A committee of 12 members was appointed on Feb. 2, 1920 to organize and develop a program for a public library. This committee met formally on Dec. 10, 1920 with their recommendations. On Mar. 18, 1921, Mrs. Emma Paul Pope and Miss Olive P. Bailey were appointed associate librarians. They planned and organized the library and opened it to the public on May 24, 1921. There were 80 people present, which was a sizable crowd in a village of 750 people.

Ida Cahoon’s will established two trust funds known as the “Library of Dover-by-the-Lake Fund,” to buy books, maintain, support and care for the library. This fund, plus fines and a small sum from the village general fund, financed the library from its beginning until 1935, when it became eligible for funds from intangible taxes.

R2021.01.10 Julia Osborn Scott

Mrs. Julia Osborn Scott was appointed resident librarian on Oct. 1,1922, and continued until 1946. Scott was the great granddaughter of Reuben Osborn, one of the first settlers of Bay Village. She not only knew her library collection, but she knew the village and all of its inhabitants, and many of their ancestors, if not by personal relationship, then by stories, folk lore and traditions passed down from one generation to the next. From her own family, she learned of the trials and hardships the pioneers endured as they traveled west into Ohio. Since Scott was steeped in the folk lore, manners and customs of the pioneers, she gave this information as freely as she lent a book.

Every newcomer to the village knew the library and Mrs. Scott before knowing anyone else, except perhaps their minister. The library was the center of interest, and there was a personal relationship between the librarian and her patrons that would not exist in larger communities. Scott lived in the upstairs of the library building from her appointment in 1924 until her retirement in 1946. Her quarters were described as being homey and interesting, as there were books everywhere.

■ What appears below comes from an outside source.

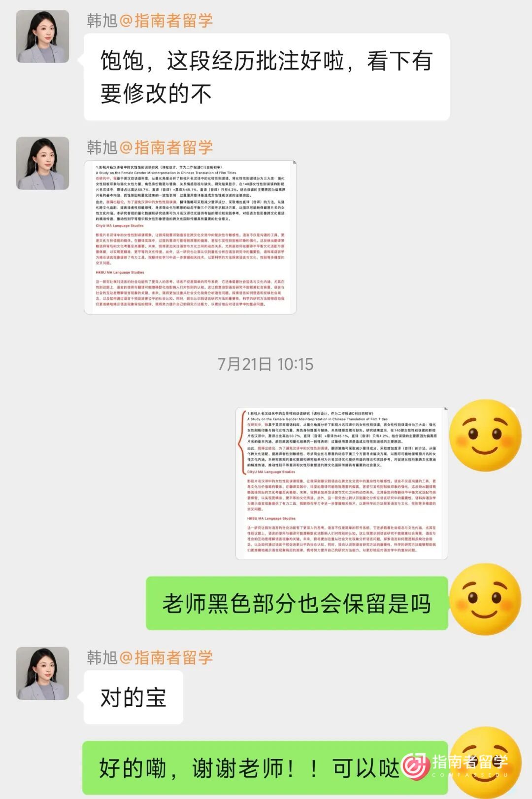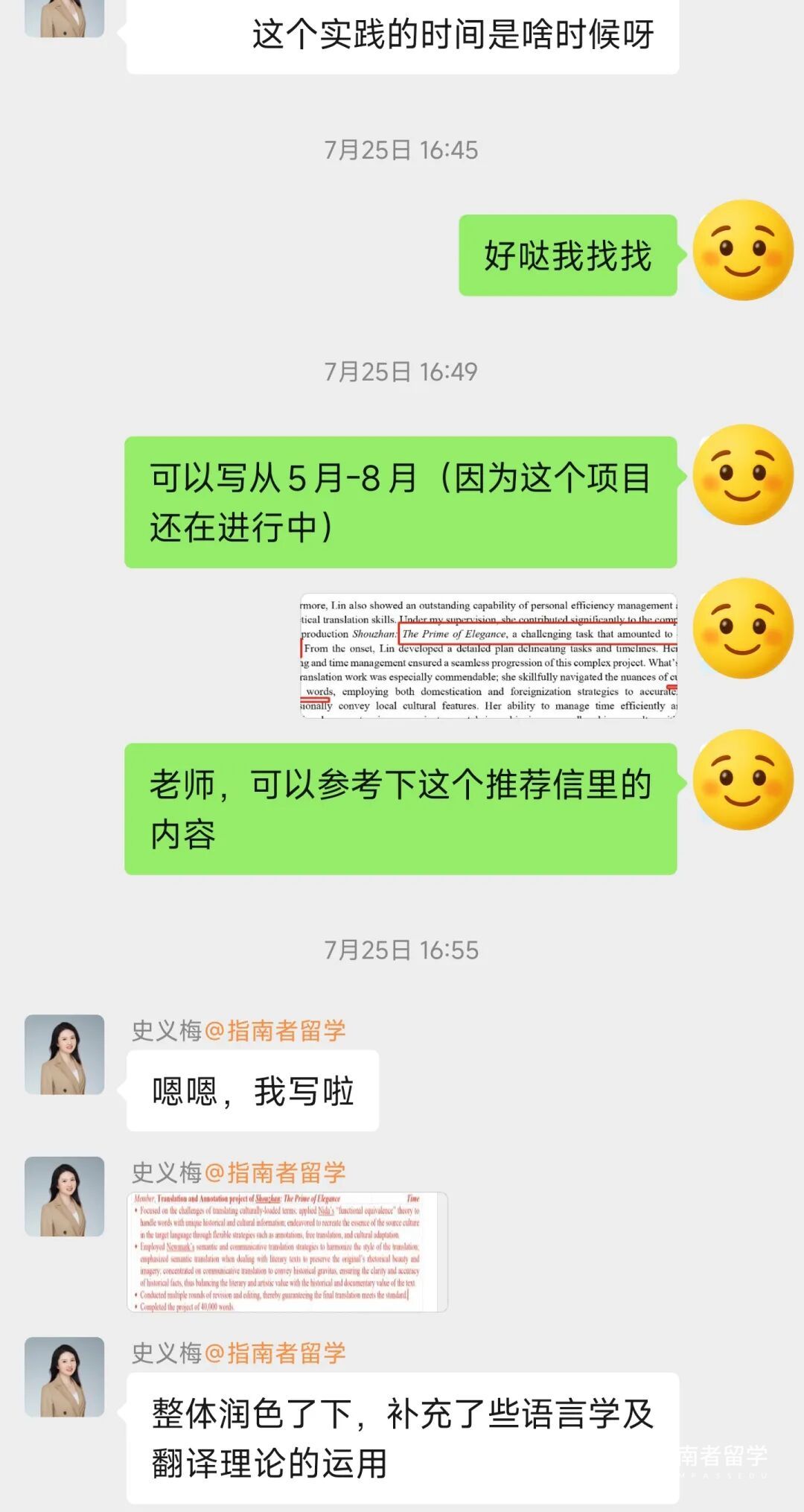 后来我想更新一段核心经历,联系韩老师后,她也立刻放下手头的工作和我沟通细节,和文书老师一起准备,帮我上传到学校官网,效率超高!

Although there was always work to be done, Scott took the time to relate experiences that had no relation to the borrowing of books or reference readings, such as the time a Gypsy family took refuge in the library, since it was the nearest house when their baby became sick. They remained two weeks, but with all of the care they could give, the child died and was given a decent burial in the cemetery by the lake. Then, there was the incident when two men who had imbibed too much, broke into the library on a very cold night and slept on the couches downstairs. Still slightly tipsy in the morning, they proceeded upstairs to wake the librarian to ask her to intercede with the police on their behalf.

During the Depression years and until after WWII, the library hours were irregular and long for one person supervising alone. Because Scott lived in the building, many people would drop in at their convenience. The average number of hours from 1923 to 1934 were not recorded, but from 1934 to 1937, 34 hours a week were scheduled. Between 1937 and 1948, the number increased to 48 hours. There was no regular assistant, yet the services and circulation continued to increase. The library was known first as a Private Trust Library, then it became a municipal library and finally a branch of the Cuyahoga County Library System.

The Mayor and city council leased the dwelling house to the Board of Library trustees, furnished custodial services, water, gas and electricity, and paid the sum of $1,000 a year out of the Dover-by-the-Lake Library fund for use in operation and maintenance of the library. This agreement lasted from 1943 to 1952.

The information in this segment of the series on the history of the Bay Village Library was gathered from, “History of the Dover-by-the-Lake Library of Bay Village, Ohio” by Ruth R. Lephart, submitted in partial fulfillment of the requirements for the Degree of Master of Science in Library Science, School of Library Science, Western Reserve University, June, 1954.

2022.P.FIC.05.2 Lake Erie Junior Museum event (now Lake Erie Nature & Science Center) inside the library at Rose Hill, circa the late 1940s.